BEGIN Information provided
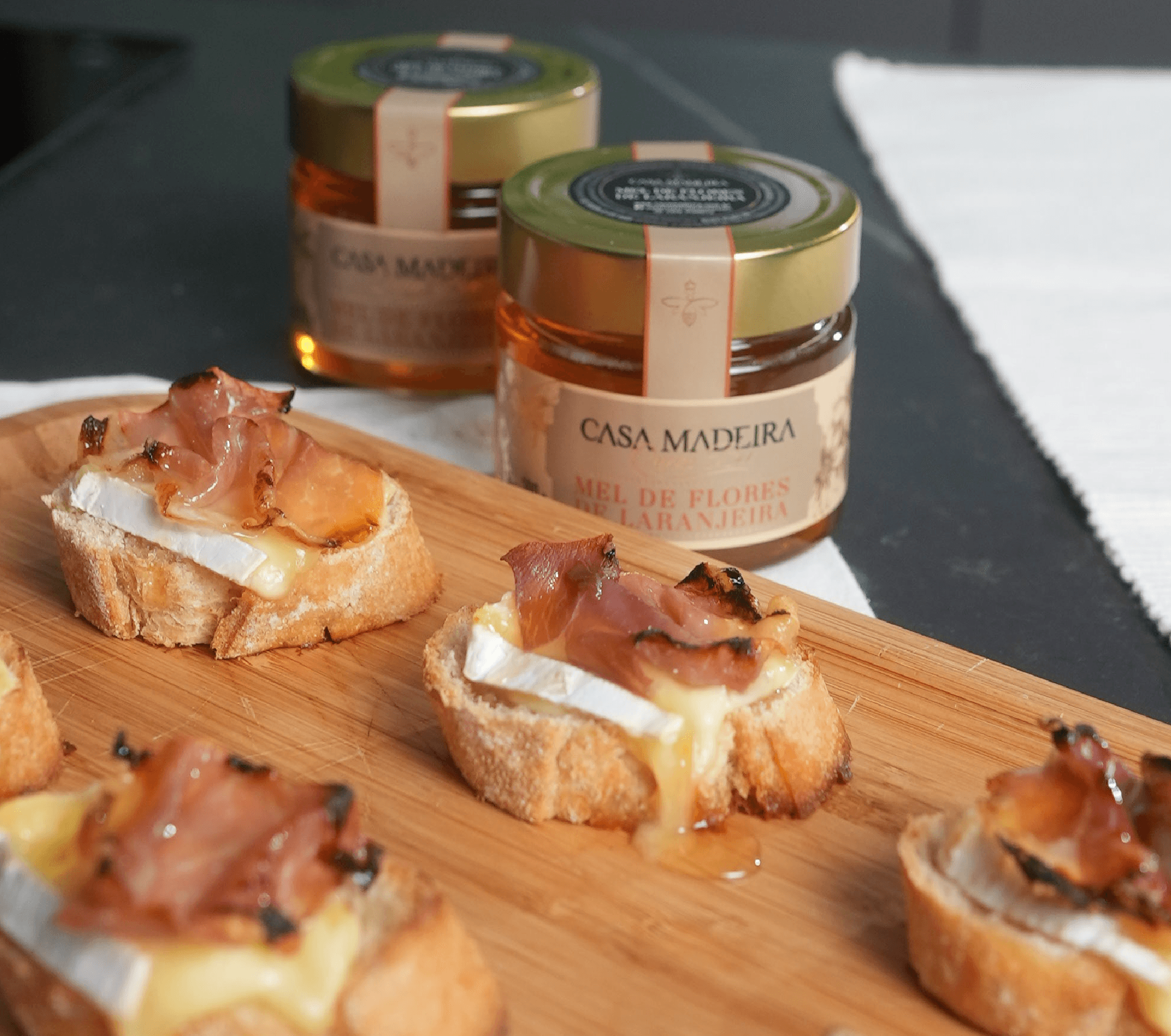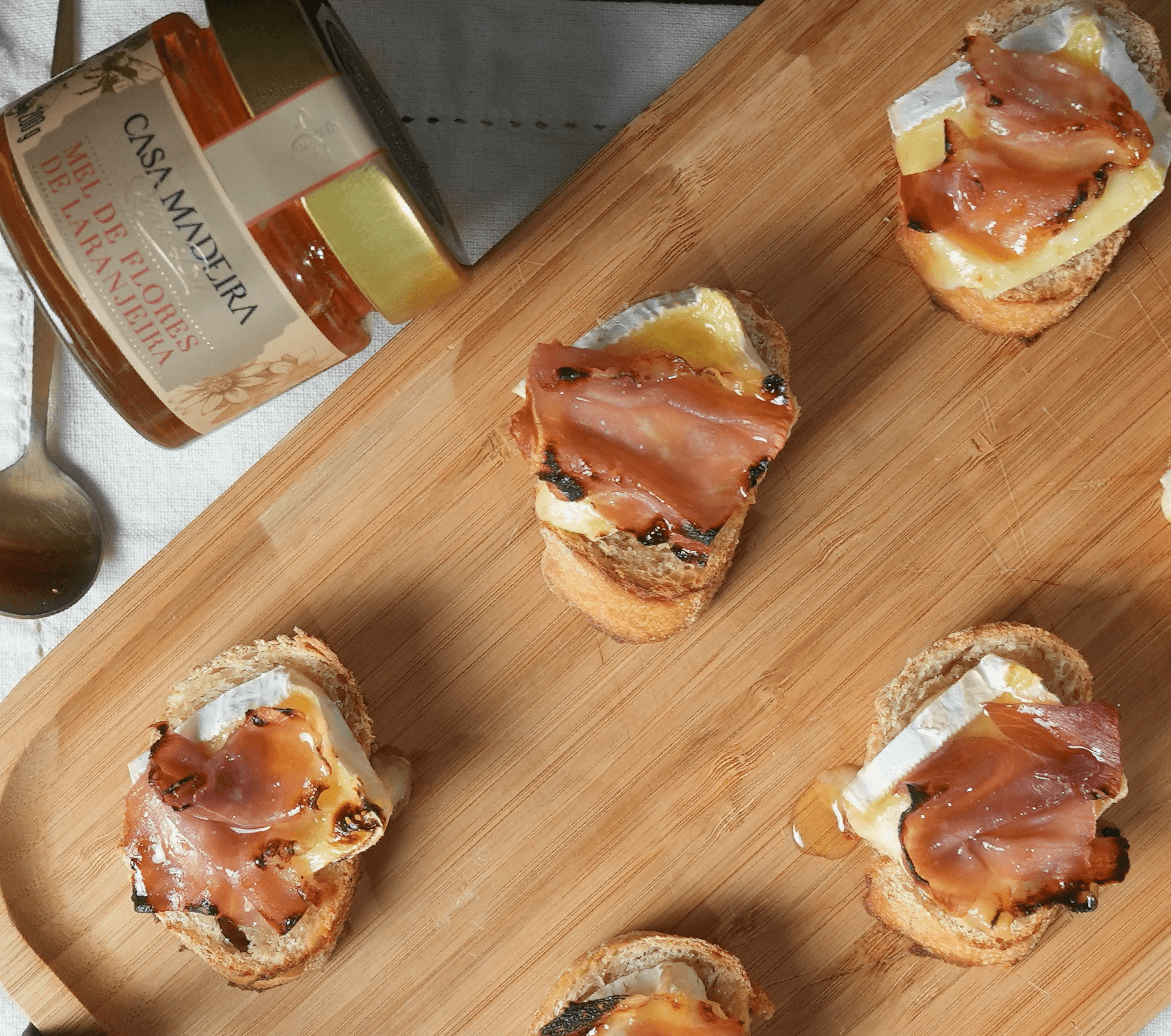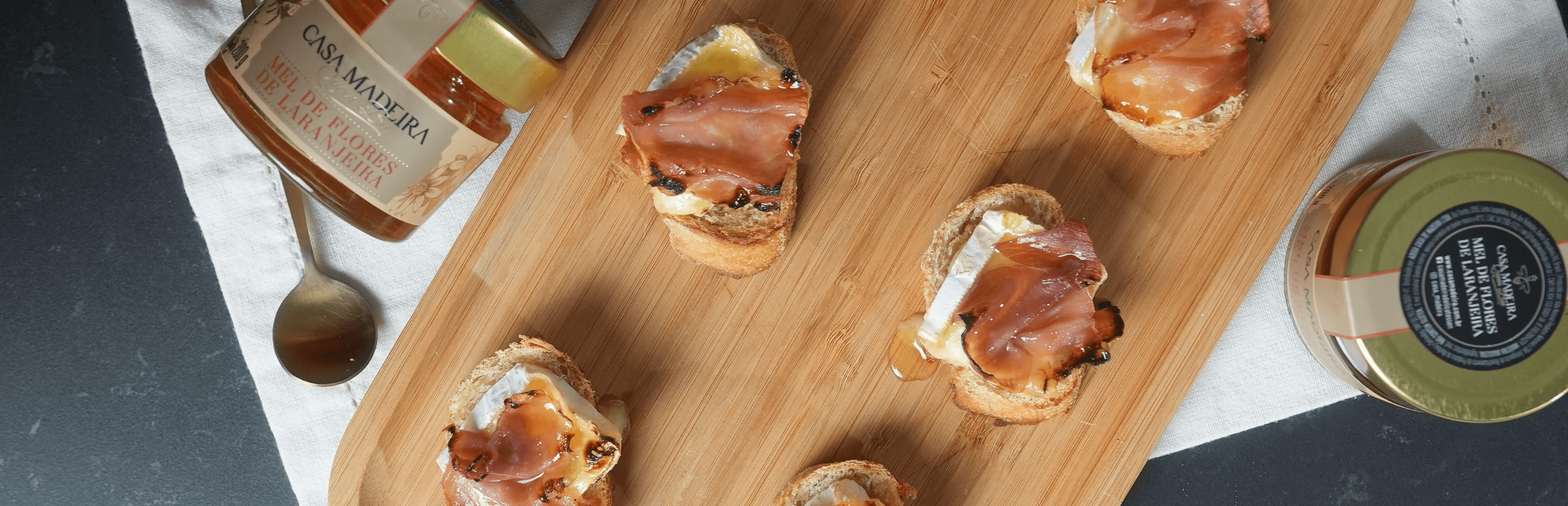 Bruschettas de Brie, Parma e Mel
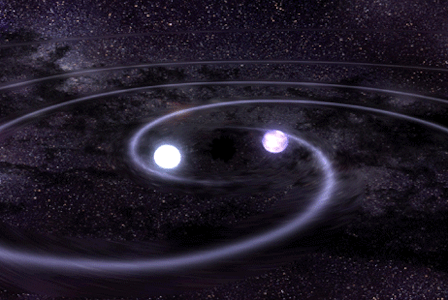 Artist impression of a binary white dwarf system similar to J1634+44 (Credit : Dana Berry)
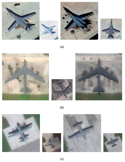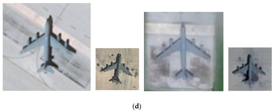 Dataset (1) comprises four types of airplanes patches with different resolutions collected from the Google Earth service. Among them, 120 airplane patches with 0.5-m spatial resolution are regarded as samples from the target domain, and 200 airplane patches with 1-m spatial resolution are considered as samples from the source domain. Since these patches are acquired by different illumination conditions and contain airplanes with different orientations and different backgrounds, it can verify the performance of the proposed JFSSS-HFT for object classification using RSIs. The representative samples in dataset 1 are displayed in Figure 2.
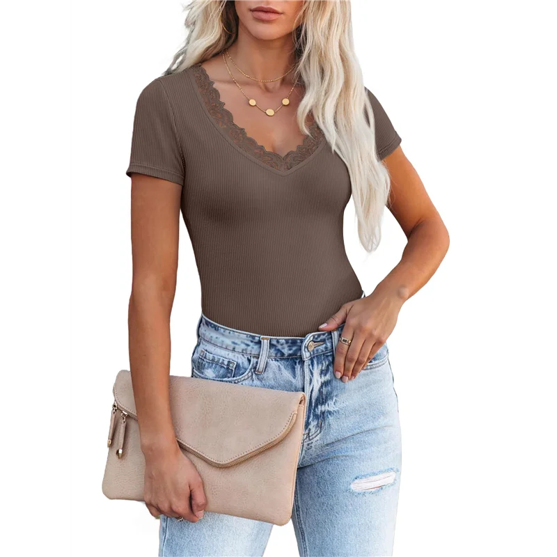 ASDS-Women Short Sleeve Lace V Neck Shirts Ribbed Knit Fitted Business Dressy Casual Summer Blouses T-Shirt
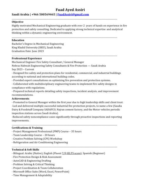 مهندس ميكانيكا (سعودي) خبرة سنتين في الاستشارات الهندسية في مجال الاطفاء والانذار والسلامة تصميم واستلام واشراف عندي الدورات الموضحة في السيرة الذاتية المرفقة في الصور واعتماد في هيئة المهندسين
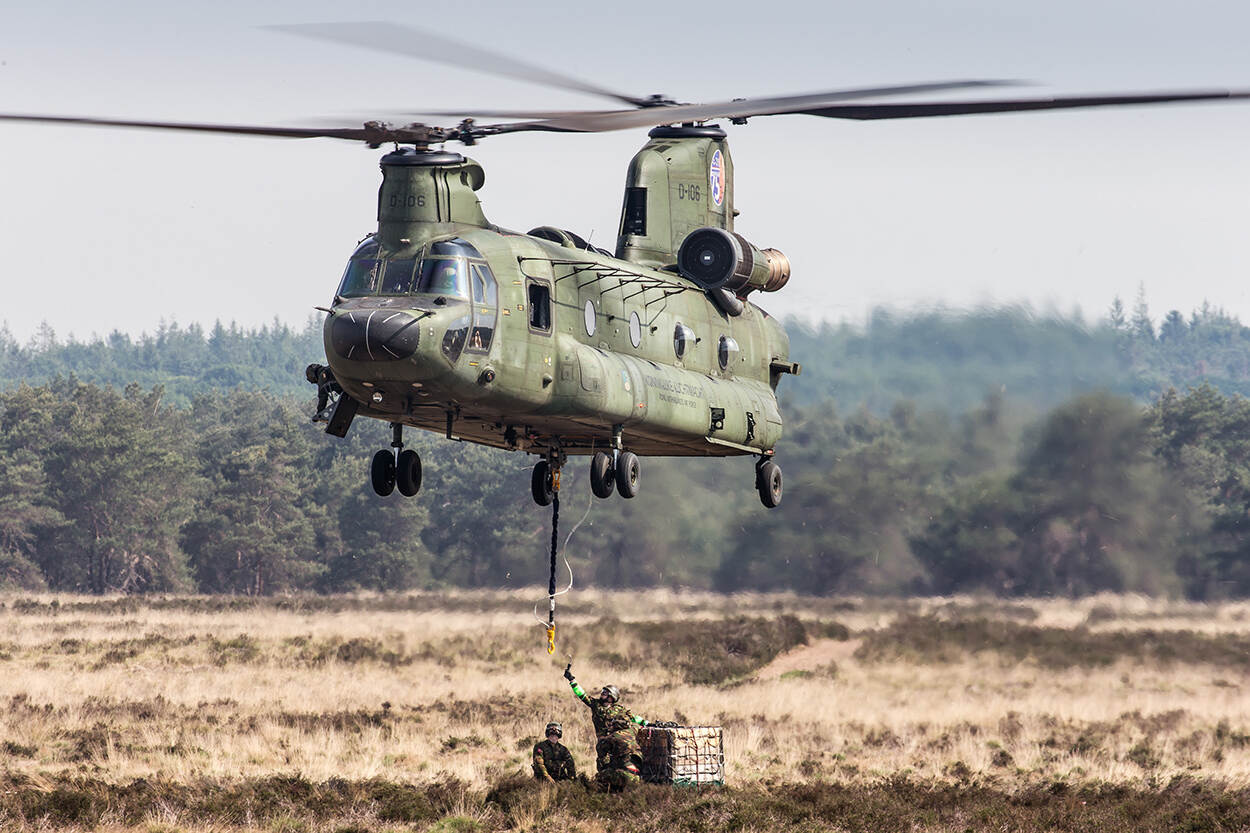 Op 3 juni vond op diezelfde Edesche Heide een slingery oefening plaats. Daarbij was een Chinook van 298 squadron betrokken en 11BEVO van de luchtmobiele brigade. Foto: Marco Ferrageau.
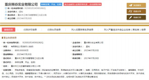 重庆棘焱实业涉水直销 注册资金达8000万元
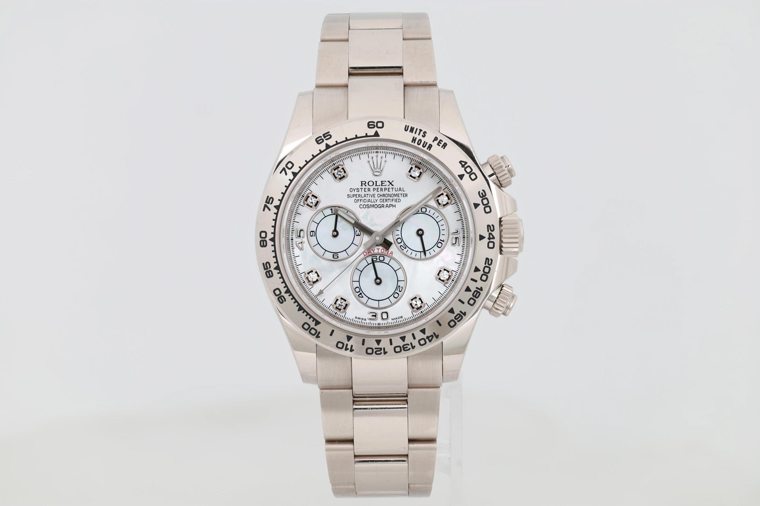 This Rolex Daytona 116509 has a mother of pearl white - diamond dial and a bracelet strap. This Rolex has undergone a thorough inspection of water resistance, accuracy, functionality and condition to determine the level of reconditioning required to meet our strict standards. It has also been referenced against technical documents and manufacturer records where available to ensure authenticity and a clean history. All our watches have a 24-month warranty for your peace of mind. One of our skilled polishing technicians has removed marks on the case and bracelet of this watch, brought about by daily wear and tear, which is why this watch does not come with the remaining manufacturer’s warranty.
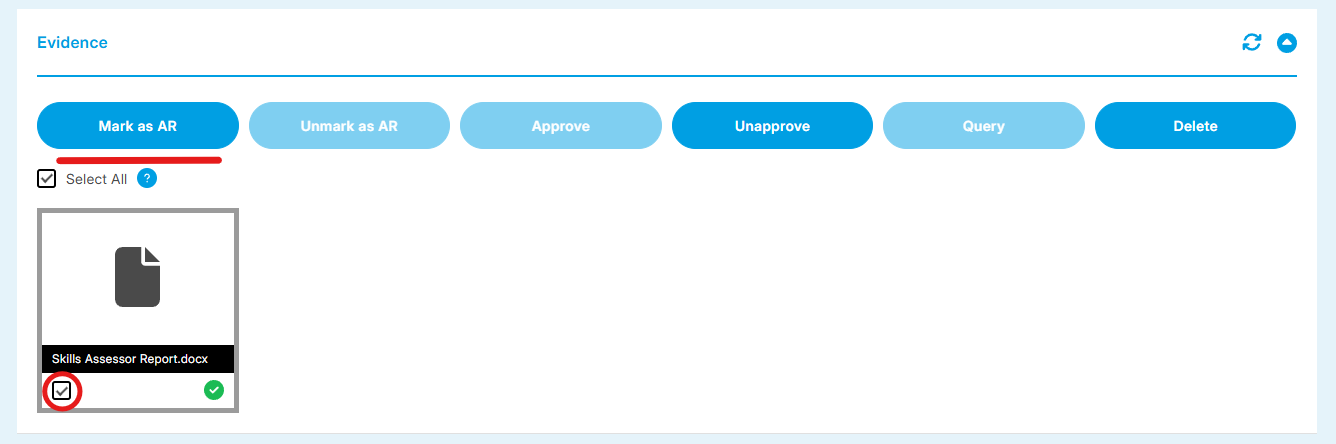 - Place a tick in the tick box located in the bottom left hand corner of the piece of evidence
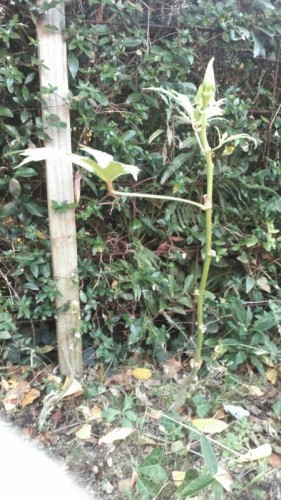 寒さの中で7月に植えたオクラの木、勉強不足の為に起こった事、トマトとキュウリの側にすき間をあけずに?オクラの苗…
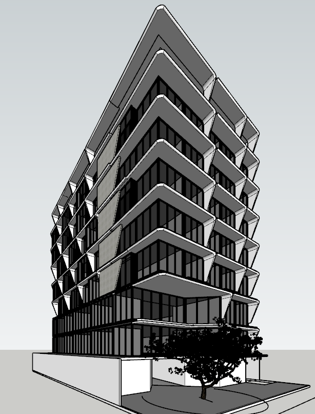 render a modernist architectural building with sleek angular lines use a palette of light gray for the concrete deep charcoal for the window frames and reflective glass the building should stand in an urban landscape with a clear blue sky and warm sunlight to create a bright and inviting atmosphere add subtle shadows for depth and dimension highlighting the building s geometric design
END Information provided
**Task item**
Reproduce word for word, with pictures dropped, only the part of the material above that opens with the line containing "- Place a tick" and closes with the line containing "寒さの中で7月に植えたオクラ".

**Answer to the problem**
 - Place a tick in the tick box located in the bottom left hand corner of the piece of evidence
 寒さの中で7月に植えたオクラの木、勉強不足の為に起こった事、トマトとキュウリの側にすき間をあけずに?オクラの苗…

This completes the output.